GOAL OF THE EXERCISE — Exactly the lines below, starting with the one containing "江南,园林,室内,家居,古典,花窗,盆景,竖构图,复古" and going on through the one containing "สำหรับการแพร่ระบาดของสายพันธุ์ Delta เวลานี้", must be reproduced, both ends included, and no pictures with them.

RECORDED DATA —

■ ■ ■ ■ ■ ■ ■

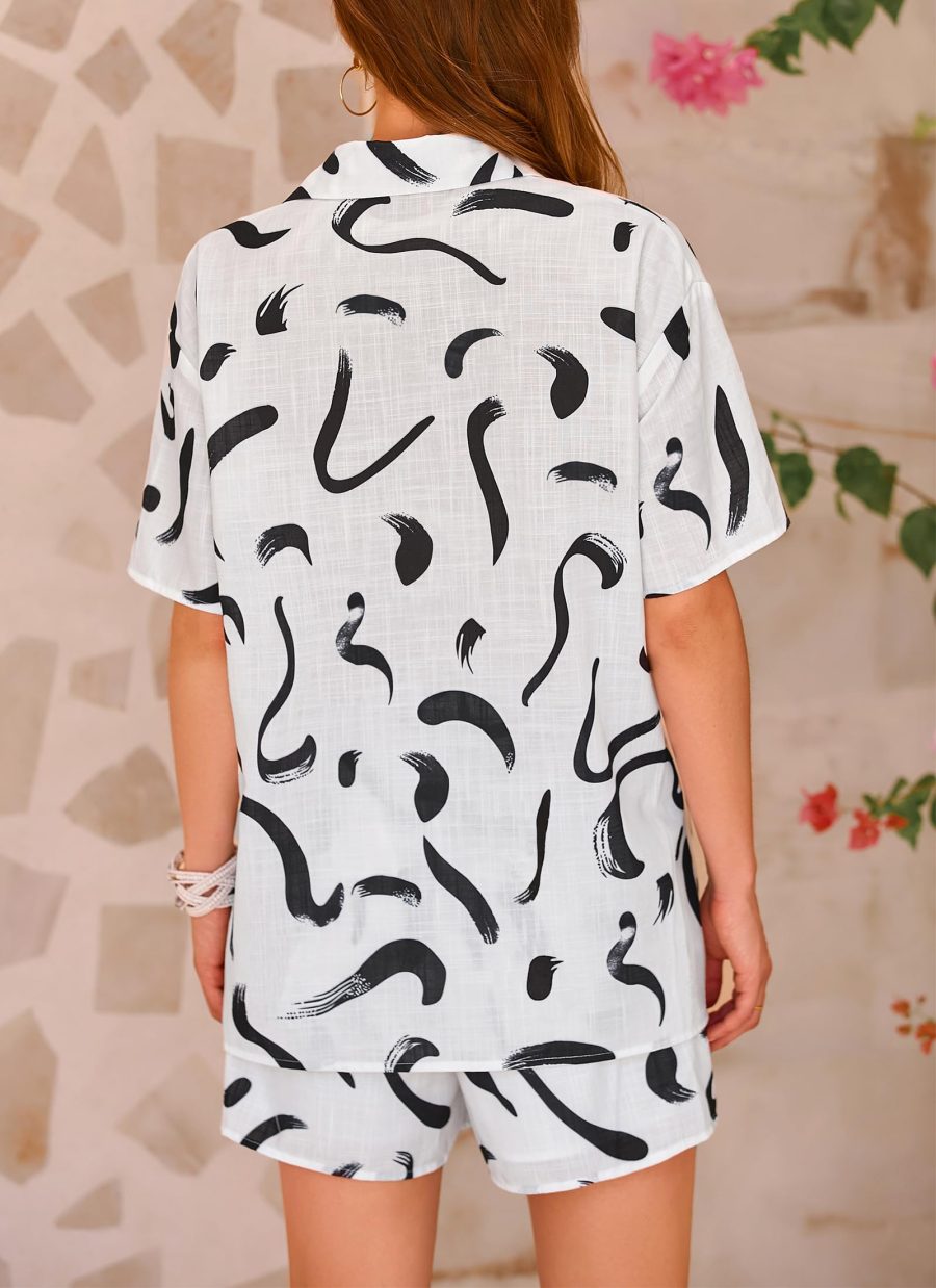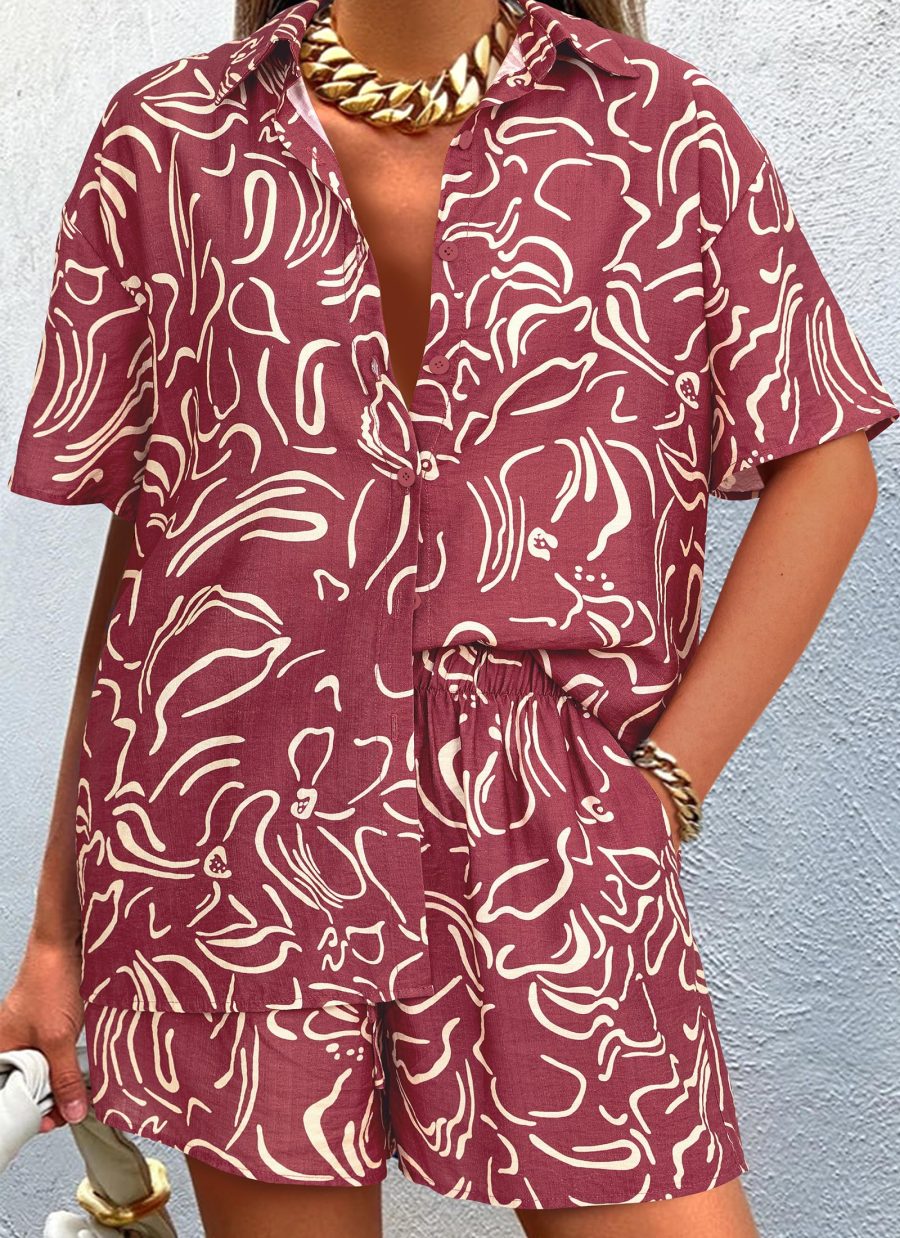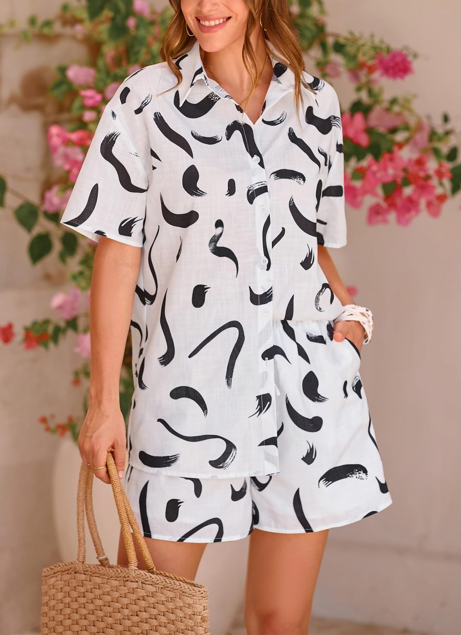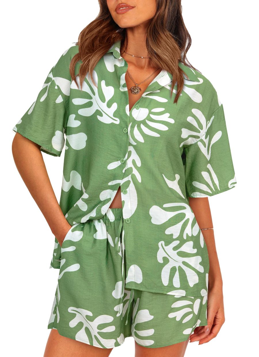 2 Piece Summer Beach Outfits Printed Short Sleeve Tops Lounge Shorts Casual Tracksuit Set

■ ■ ■ ■ ■ ■ ■

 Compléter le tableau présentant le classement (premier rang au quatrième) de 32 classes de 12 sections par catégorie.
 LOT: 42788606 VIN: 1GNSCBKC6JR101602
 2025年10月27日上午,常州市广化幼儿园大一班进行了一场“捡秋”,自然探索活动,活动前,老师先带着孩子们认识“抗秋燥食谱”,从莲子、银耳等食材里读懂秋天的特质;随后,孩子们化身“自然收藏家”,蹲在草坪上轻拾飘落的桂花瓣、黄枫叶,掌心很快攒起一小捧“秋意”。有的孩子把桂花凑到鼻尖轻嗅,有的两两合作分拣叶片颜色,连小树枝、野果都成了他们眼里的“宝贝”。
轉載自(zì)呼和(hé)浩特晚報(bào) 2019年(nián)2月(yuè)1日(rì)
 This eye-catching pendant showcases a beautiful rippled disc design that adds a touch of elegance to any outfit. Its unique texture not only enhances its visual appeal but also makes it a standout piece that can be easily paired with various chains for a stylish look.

■ ■ ■ ■ ■ ■ ■

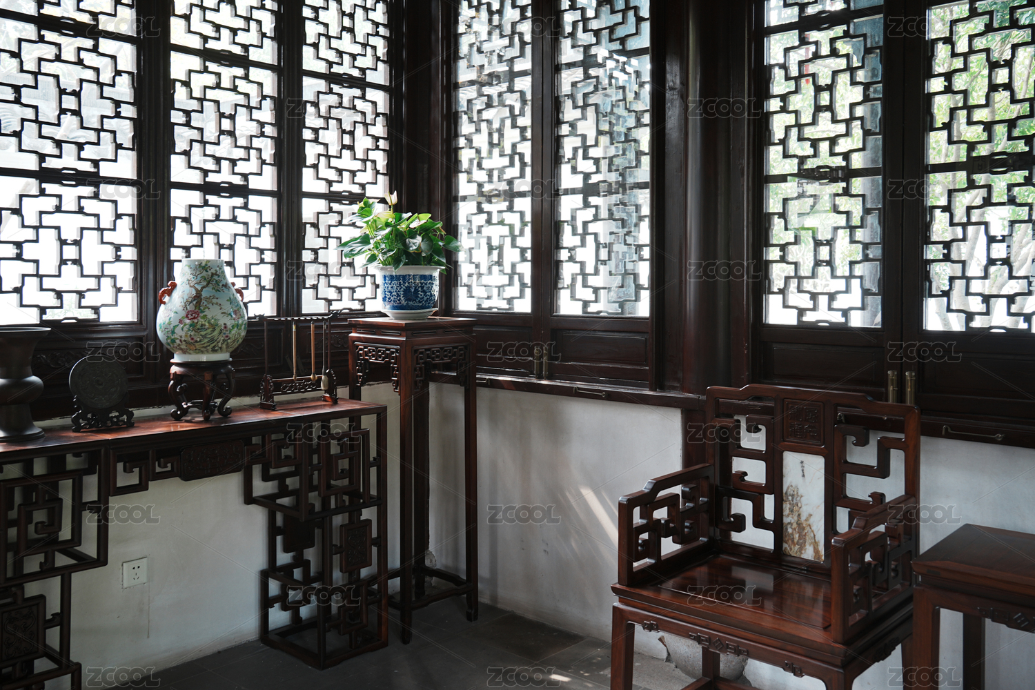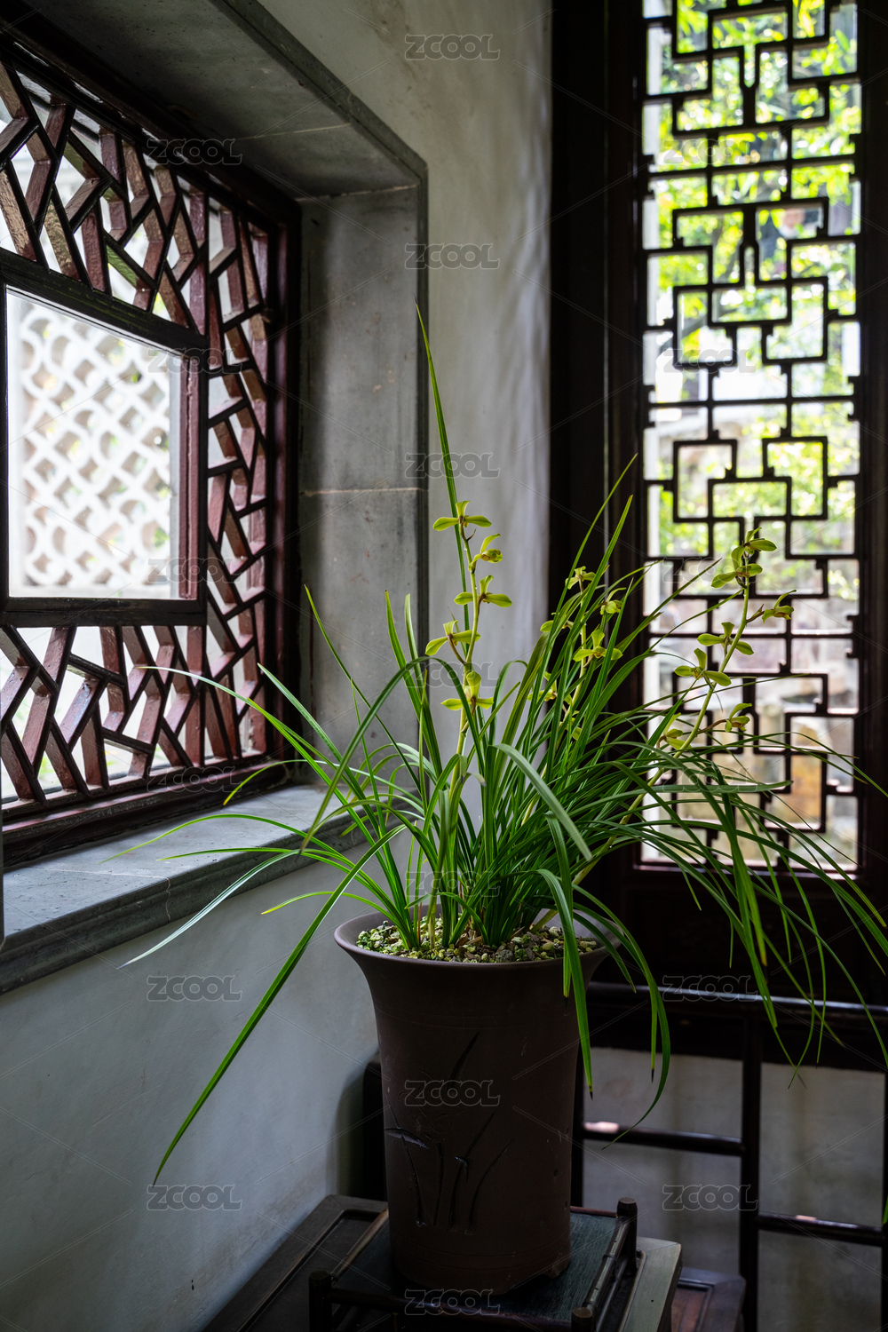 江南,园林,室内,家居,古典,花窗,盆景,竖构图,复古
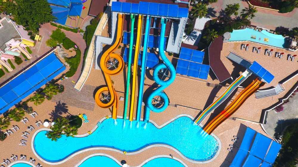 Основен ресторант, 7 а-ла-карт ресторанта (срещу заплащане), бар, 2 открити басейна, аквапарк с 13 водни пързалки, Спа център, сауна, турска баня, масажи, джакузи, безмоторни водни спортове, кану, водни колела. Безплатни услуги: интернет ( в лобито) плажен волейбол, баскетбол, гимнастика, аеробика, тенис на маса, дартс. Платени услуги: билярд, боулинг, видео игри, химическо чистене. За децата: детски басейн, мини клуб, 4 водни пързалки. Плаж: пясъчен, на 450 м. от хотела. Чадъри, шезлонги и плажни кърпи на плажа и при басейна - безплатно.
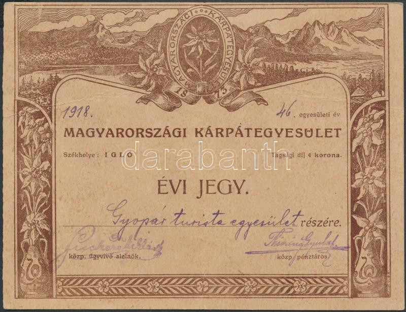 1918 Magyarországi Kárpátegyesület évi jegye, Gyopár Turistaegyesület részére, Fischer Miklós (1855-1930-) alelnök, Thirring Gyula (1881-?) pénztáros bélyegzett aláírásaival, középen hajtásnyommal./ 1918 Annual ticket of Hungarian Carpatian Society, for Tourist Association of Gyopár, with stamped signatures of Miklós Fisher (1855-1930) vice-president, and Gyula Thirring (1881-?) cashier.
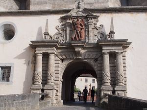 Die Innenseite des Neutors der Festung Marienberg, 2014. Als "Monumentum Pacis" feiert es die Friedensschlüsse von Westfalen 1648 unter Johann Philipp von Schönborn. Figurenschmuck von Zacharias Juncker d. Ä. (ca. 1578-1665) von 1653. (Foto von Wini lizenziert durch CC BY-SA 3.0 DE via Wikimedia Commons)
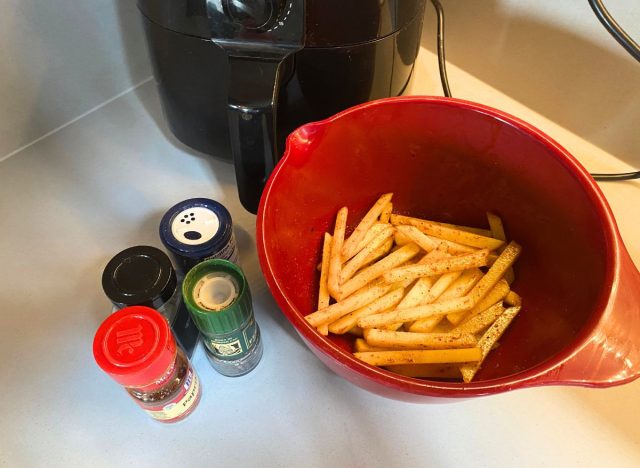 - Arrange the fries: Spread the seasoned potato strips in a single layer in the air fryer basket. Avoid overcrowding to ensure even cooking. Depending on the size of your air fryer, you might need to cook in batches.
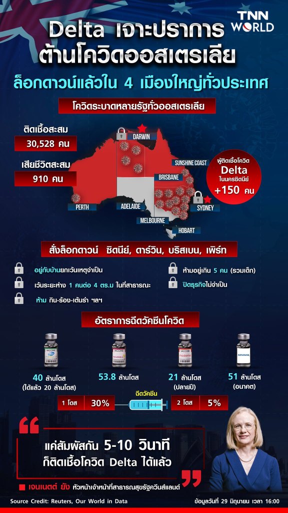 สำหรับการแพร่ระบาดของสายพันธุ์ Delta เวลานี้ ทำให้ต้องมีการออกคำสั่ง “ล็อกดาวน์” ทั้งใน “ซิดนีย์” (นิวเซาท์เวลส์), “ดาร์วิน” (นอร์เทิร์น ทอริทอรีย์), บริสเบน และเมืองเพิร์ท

■ ■ ■ ■ ■ ■ ■

TASK RESPONSE —
 江南,园林,室内,家居,古典,花窗,盆景,竖构图,复古
 Основен ресторант, 7 а-ла-карт ресторанта (срещу заплащане), бар, 2 открити басейна, аквапарк с 13 водни пързалки, Спа център, сауна, турска баня, масажи, джакузи, безмоторни водни спортове, кану, водни колела. Безплатни услуги: интернет ( в лобито) плажен волейбол, баскетбол, гимнастика, аеробика, тенис на маса, дартс. Платени услуги: билярд, боулинг, видео игри, химическо чистене. За децата: детски басейн, мини клуб, 4 водни пързалки. Плаж: пясъчен, на 450 м. от хотела. Чадъри, шезлонги и плажни кърпи на плажа и при басейна - безплатно.
 1918 Magyarországi Kárpátegyesület évi jegye, Gyopár Turistaegyesület részére, Fischer Miklós (1855-1930-) alelnök, Thirring Gyula (1881-?) pénztáros bélyegzett aláírásaival, középen hajtásnyommal./ 1918 Annual ticket of Hungarian Carpatian Society, for Tourist Association of Gyopár, with stamped signatures of Miklós Fisher (1855-1930) vice-president, and Gyula Thirring (1881-?) cashier.
 Die Innenseite des Neutors der Festung Marienberg, 2014. Als "Monumentum Pacis" feiert es die Friedensschlüsse von Westfalen 1648 unter Johann Philipp von Schönborn. Figurenschmuck von Zacharias Juncker d. Ä. (ca. 1578-1665) von 1653. (Foto von Wini lizenziert durch CC BY-SA 3.0 DE via Wikimedia Commons)
 - Arrange the fries: Spread the seasoned potato strips in a single layer in the air fryer basket. Avoid overcrowding to ensure even cooking. Depending on the size of your air fryer, you might need to cook in batches.
 สำหรับการแพร่ระบาดของสายพันธุ์ Delta เวลานี้ ทำให้ต้องมีการออกคำสั่ง “ล็อกดาวน์” ทั้งใน “ซิดนีย์” (นิวเซาท์เวลส์), “ดาร์วิน” (นอร์เทิร์น ทอริทอรีย์), บริสเบน และเมืองเพิร์ท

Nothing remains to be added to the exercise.